Boys rescued from Kenya's Islamic school of torture - Independent, UK
Boys rescued from Kenya's Islamic school of torture
By Declan Walsh in Nairobi
30 January 2003
Eleven teenage boys have been rescued from an Islamic correction centre in Nairobi where they were chained, tortured, and indoctrinated with violent anti-Christian ideas. Armed police raided the school in a rundown Nairobi neighbourhood after Guleed Ahmed, a 16-year-old from Leicester, faked an illness to escape and raise the alarm.
Inside they found 10 other boys, from Kenya, Sweden and Ethiopia, chained by their hands and feet and confined to a dark, foul-smelling room.

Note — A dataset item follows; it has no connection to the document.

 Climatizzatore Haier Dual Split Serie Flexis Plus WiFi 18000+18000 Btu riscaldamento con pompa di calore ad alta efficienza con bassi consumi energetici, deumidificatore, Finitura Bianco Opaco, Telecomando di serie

"It was really terrible," Guleed said yesterday. "They locked my hands and legs like this" he clasped his ankles and wrists together "all day, every day, even when I sleep. It lasted eight months."
Abdi Noor, a wiry 13-year-old from northern Kenya, nodded furiously. "Even when we go to the toilet, we go jumping," he said. "They would only unlock us at the door."

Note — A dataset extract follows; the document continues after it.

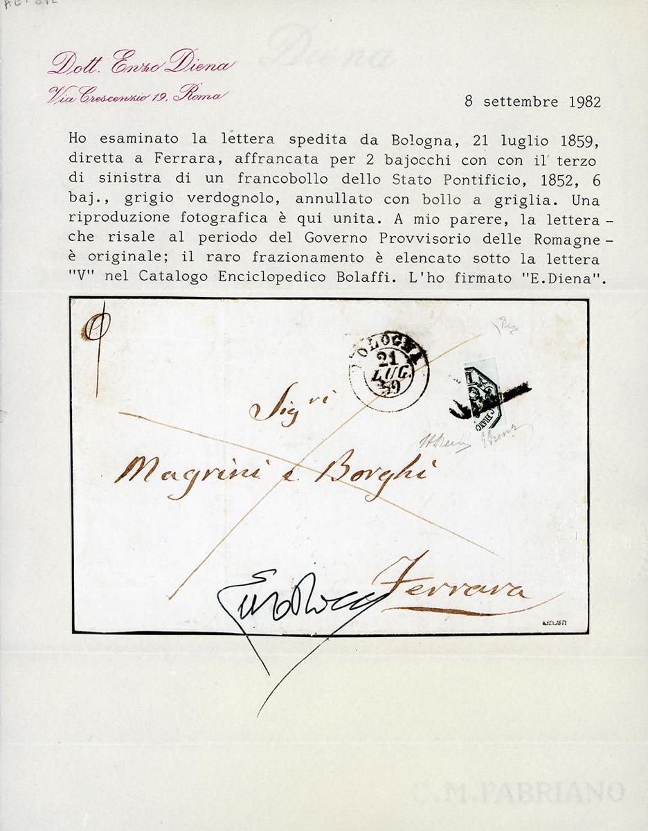 1859 - Lettera da Bologna a Ferrara del 21/7/1859 affrancata con 6 baj grigio verdastro (7) frazionato ad 1/3 per assolvere la tariffa di 2 baj. Rara. Emilio ed Alberto Diena, cert. Enzo Diena.

The school, the Khadija Islamic Institute of Discipline and Education, was in Eastleigh, a rough and dangerous neighbourhood dominated by ethnic Somalis. As police led the boys out last Monday, an angry crowd pelted them with stones, forcing officers to fire warning shots in the air.
But senior Muslims have expressed their abhorrence at the way the school was run, stressing it was an anomaly among thousands of well-run Islamic schools.

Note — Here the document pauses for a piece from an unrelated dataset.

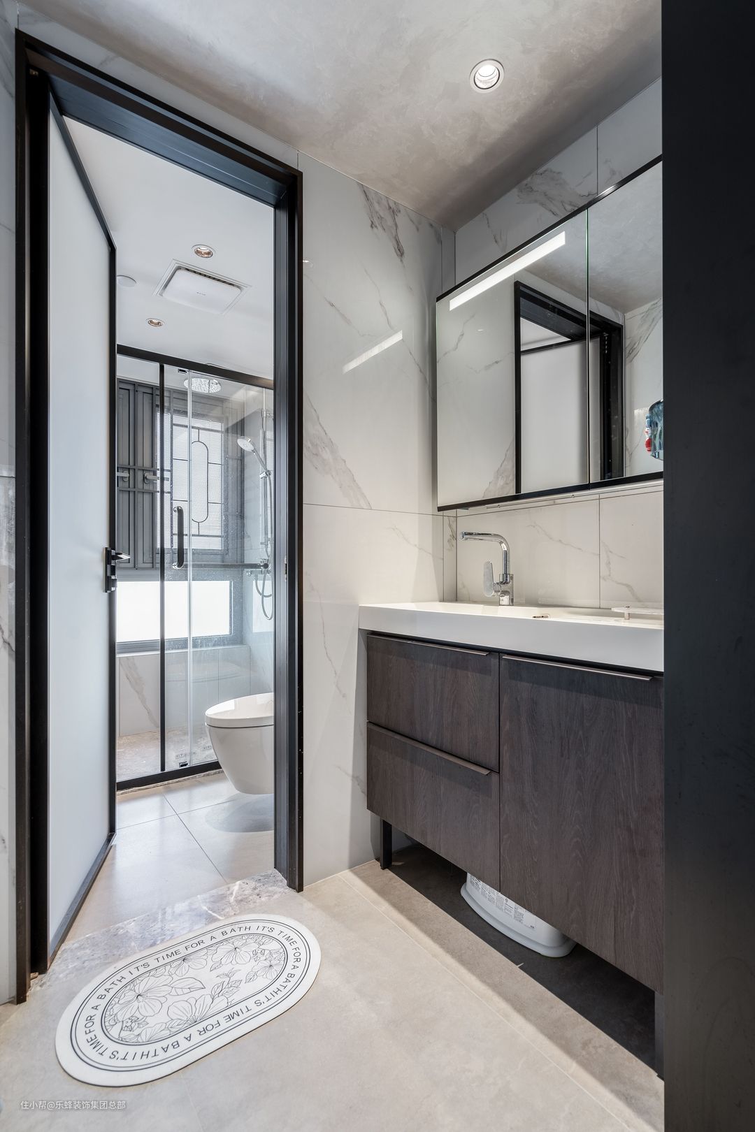 内侧干湿分离,马桶为挂壁式马桶,最大程度不留卫生死角,保持卫生间卫生整洁。淋浴区利用泼墨纹理的糙面大理石作为防滑石,安全照顾到角角落落。

The headteacher, named by students as Mowlid Abdi Ahmed, has been arrested and is expected to be charged with cruelty. Fourteen other staff are believed to have fled.
Guleed, whose family lives in Britain but who holds a Dutch passport, is being looked after by the Dutch embassy. He had no documents with him and Dutch authorities are trying to trace his mother.
Relatives had sent the teenagers to Khadija Institute to learn about Islam. Little did they know the sub-prison conditions to which they were subjected them. Schooling involved study of the Koran, with some lessons in English, Arabic and maths, always with their arms bound in chains. Sport was impossible.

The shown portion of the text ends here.